I was looking for a recipe for egg-free (because of allergies) matza balls, not necessarily vegan.
I made these for second seder night – used schmaltz (chicken fat rendered with onion) in place of most of the oil, so these tasted almost like the “real thing” (next time I’ll save up enough schmaltz to leave out oil entirely). Also, they were not at all fall-apart-y after 20 minutes cooking. I’m guessing the use of the solider fat had something to do with that.
Thank you for this recipe. I did lose quite a bit of my batch during the actual cooking process (they DID fall apart sadly) but the ones who survived the heat DID taste lovely. Anyone have any other ideas for keeping them bound together? I think i will try baking next time instead of boiling. Thank you again.
It never occurred to be to bake them. Let me know how it comes out.
It’s very important to let them set out of the water and make sure that they harden before you put them back in. You should only loose a little bit.
Check out my reply!
Would they be ok to freeze? If I cook them then take them out and freeze them ?
Hi Julie, I don’t think that these will freeze well. If you decide to try it, let me know how it comes out. Best, Rena
I baked them (the second time) and they turned out perfectly with nothing lost!!!
275 degrees for 25 mins as recommended above!
Excellent! I’m so glad it worked out. Did you put them in the soup or eat them as is? I’m going to try baking them as well. I make so many batches over Passover, it will be nice to try a new way for a change.
Did you add them to the soup after baking?
I have been looking for a vegan matzo ball recipe for a long time and had hopes for this one. Sadly, I ended up with small and slimy little matzo balls – they never expanded and the consistency was not appealing. The search goes on….
Sorry it didn’t work for you. I’ve been making them for years and I’ve had good experiences with them. You can’t leave them in the soup – they must be taken out so they can firm up after they rise to the top. Let me know if you find something that works better. I’d love to know about it.
No potato starch. Could I use cornstarch or even garbanzo flours?
I use potato starch because we are Ashkenazi and can’t eat cornstarch on Passover. I’ve never tried using garbanzo flour. Cornstarch will definitely work. If you try with garbanzo flour, let me know how it comes out.
How many balls does this recipe make?
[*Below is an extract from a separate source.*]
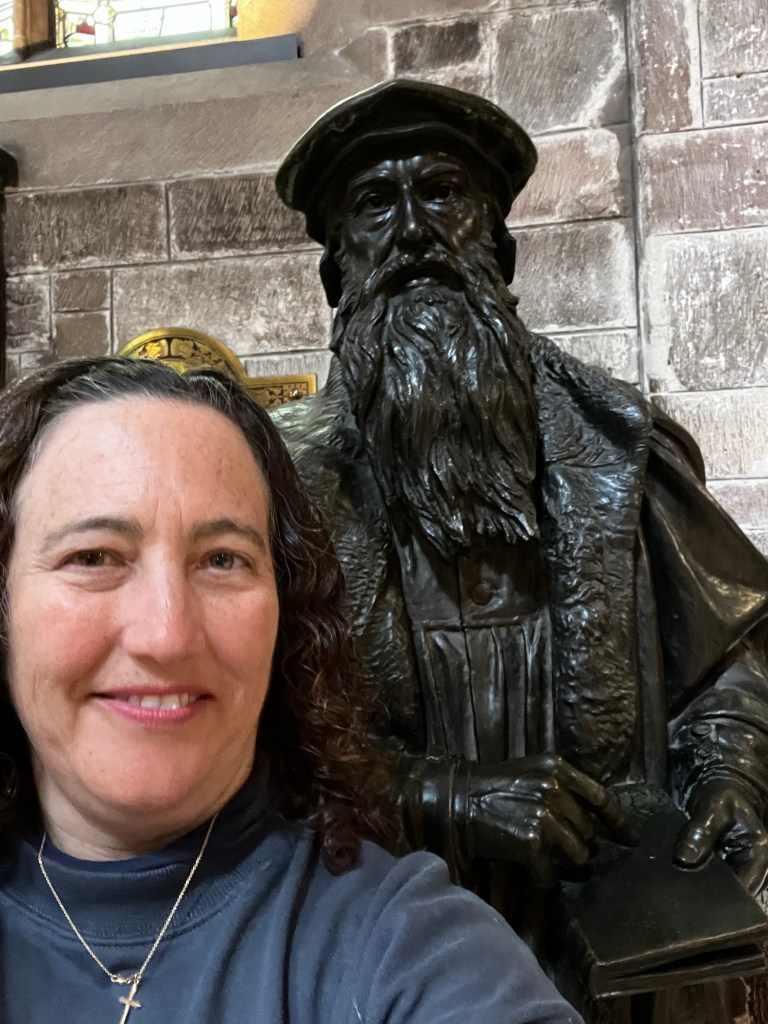 Here is a brief overview of Knox and his importance. He was born in 1513 and trained as a Roman Catholic priest but joined a growing reformation movement in the 1540’s. After being caught up in political events at St. Andrews, he was taken prisoner and enslaved on a French galley ship. Not many make it our of that experience alive, but Knox managed to be released and went into exile landing in Geneva. He ran into another reformer, John Calvin, who greatly influenced Knox’s understanding of the church.In 1558 Protestantism was beginning to take hold in Scotland and upon Knox’s return in 1559, he marched an army of followers into St. Giles and preached there for the first time. The following week he was elected its minster and the building was stripped of its stained glass and images. In 1560 the Scottish Parliament abolished papal authority and St. Giles no longer was a Catholic Church. Knox died in 1572 after being instrumental in establishing a Presbyterian system of church government, a democratic tradition, and a commitment to education which lead to the Scottish Enlightenment and many Scottish Presbyterian involved in drafting the US Declaration of Independence and the US Constitution. And that’s John Knox in a nutshell.
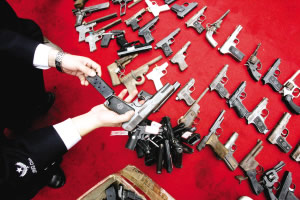 五六式?jīng)_鋒槍、唧筒式獵槍、德國造PP手槍、手雷……日前,一個頗具規(guī)模的非法槍支藏匿窩點被重慶警方一舉搗毀,多名犯罪嫌疑人被抓獲。包括這批槍支彈藥在內(nèi),重慶警方目前已收繳各類非法槍支700余支,爆炸物2萬多千克。“滅槍治爆行動”卓有成效。

Thanks!
Depending on the size of the matzo balls, it can make between 15-20. Depending on how many people are coming over, I often double the recipe.
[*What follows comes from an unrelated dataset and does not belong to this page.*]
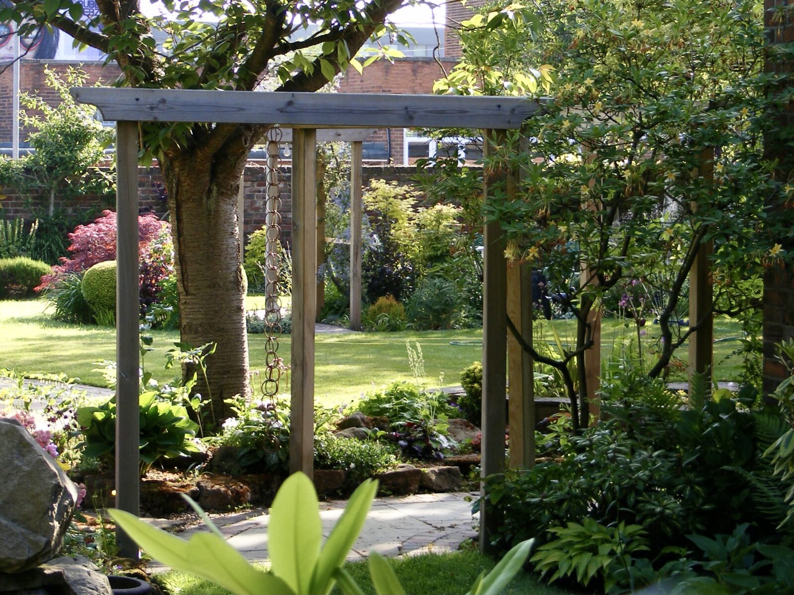 We have been developing our town centre garden for nearly 50 years. In this our Diamond Wedding Anniversary year, we welcome visitors again to enjoy its summer glories—mature lawns, flowering beds, sculptured artefacts and a new arbor.
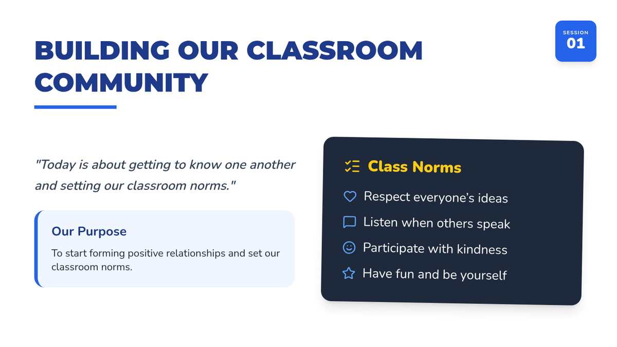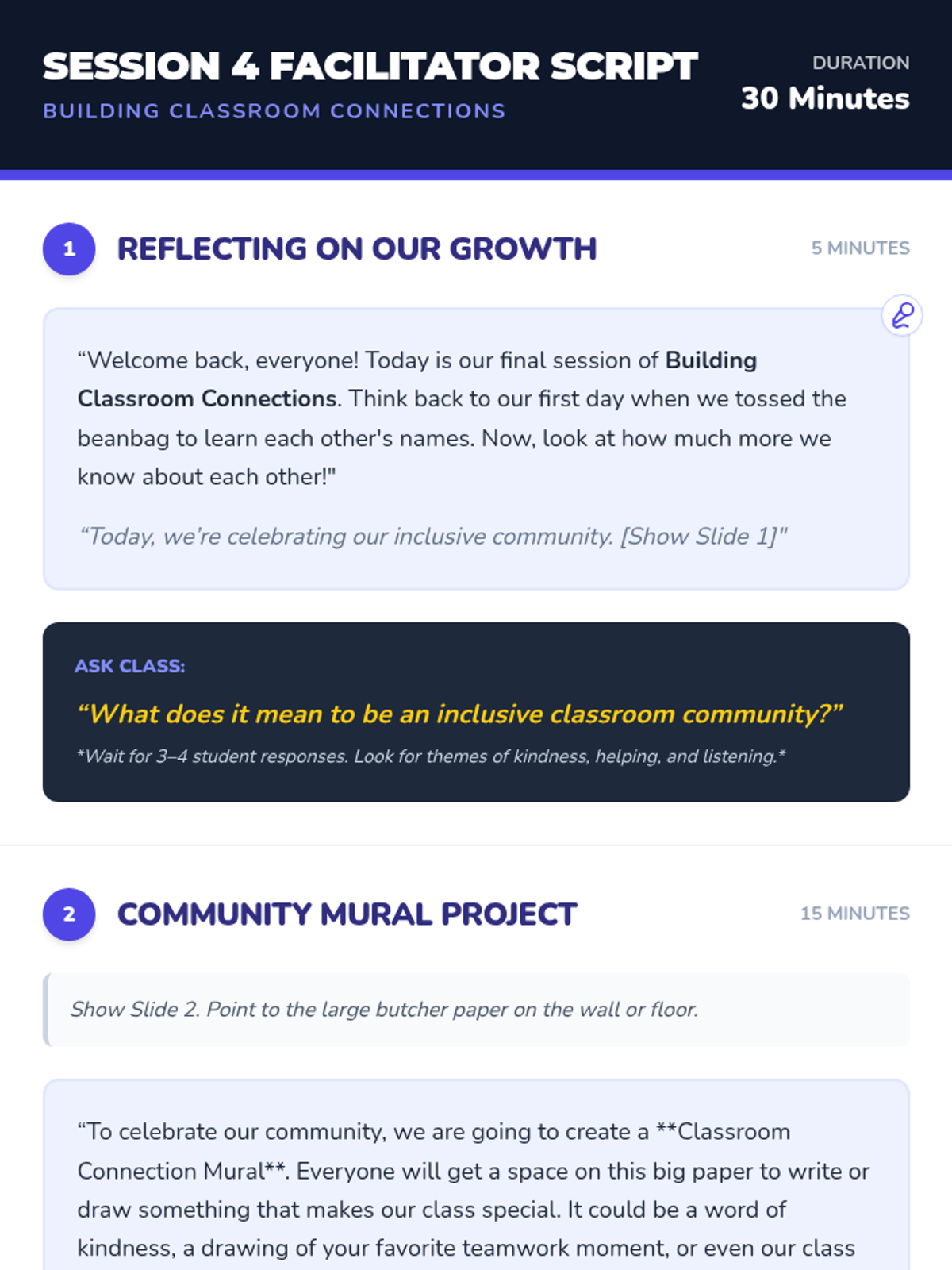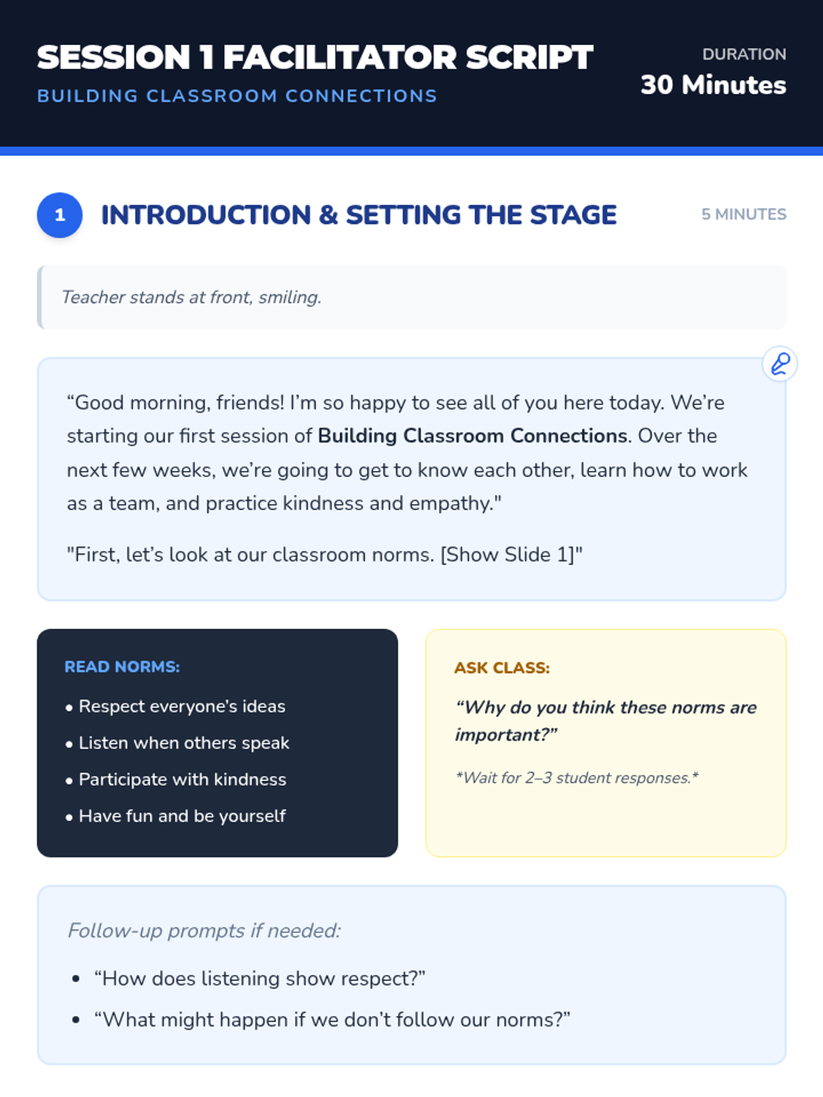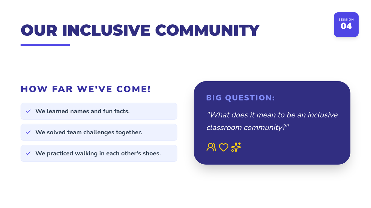 A 4-session series for third graders to build positive relationships through icebreakers, teamwork, and empathy, fostering a supportive classroom culture.

Hi, has anyone tried making these ahead of time and freezing them?
I do that with my regular matzo balls …
I’ve never tried to freeze them, but since they are taken out of the soup to firm up, I can’t imagine that it would be a problem. If you try it, let me know how it goes.
FYI. Ashkenazi can eat kitniyot during Passover now. Since 2016, I believe.
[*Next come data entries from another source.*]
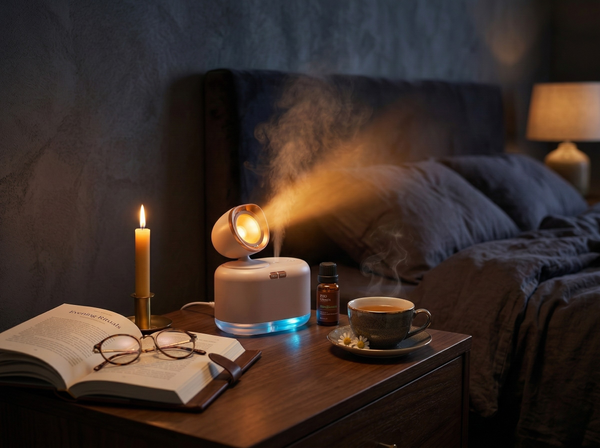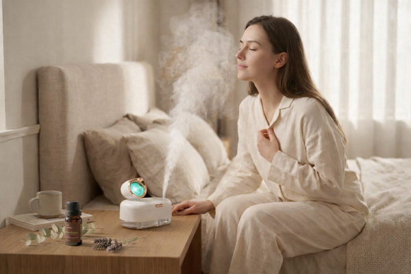 3–5 drops into your LUMRA Glow with water. Fill any room within minutes — bedroom, office, bathroom.
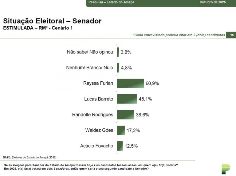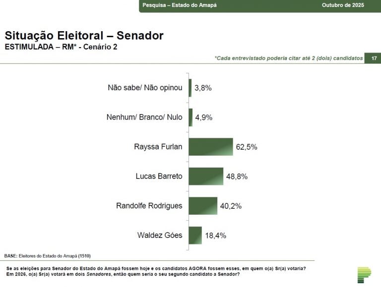 De acordo com os resultados, Rayssa tem 60,9% das intenções de voto no principal cenário monitorado pelo levantamento. Ela ficaria, portanto, com uma das duas cadeiras em disputa na eleição. A segunda vaga seria ocupada, de acordo com a pesquisa, pelo senador Lucas Barreto (PSD). O parlamentar soma 45,1% da preferência do eleitorado.
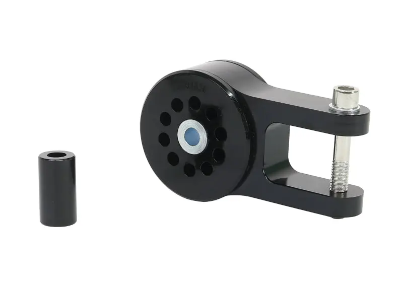 The torque arm assists in controlling the engine and drivetrain forward and aft twisting motion. The torque arm is inherently soft due to the high compliance rubber bushing design and was built for comfort and not responsiveness or feel. Whiteline’s torque arm mount bushing is built to handle the demands of high torque and power output engines by limiting the amount of movement the engine and drivetrain will place upon the pitch stop. Utilising low compliance bushing technology this eliminates the slop, twisting and shudder found in the OEM rubber bushings allowing for a faster, positive, responsive feel of power delivery on and off the throttle.
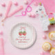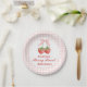 Berry Sweet strawberry birthday Pink Bow Gingham Paper Plate

I guess that depends on your Rabbi. We are Orthodox and our Rabbi doesn’t approve.
My grandchildren are sick so I thought I would try your recipe. I did make one change and that is I added some parve chicken powder to the matzah ball mixture. They came out wonderful. I tried one batch without covering the pan while they cooked and one batch I covered it. The ones that cooked without covering came out better. Thank you for your recipe.
My pleasure. I hope that everyone is well by you now!
This was my first attempt at making them egg free and sadly I ended up with mush. They looked so beautiful and then I walked away for a short time and came back to what looked like oatmeal. I am not giving up! I am going to try the baking method.
It’s very important to take them out of the soup to harden up and only put them back in after that. Once they’ve hardened, they won’t turn into mush. Good luck! Let me know how it goes! Chag Sameach!
Hi Rena, I’ve been trying a few different recipes with the usual suspects to replace eggs (mashed potatoes, corn/potato starch, etc) and I’m decided to try again with this recipe.
Should I cool them off (on the fridge) in order to hardener them?
Hi Fernanda! Yes. I’ve updated the recipe to make it more clear. Let me know how it goes. Chag Sameach!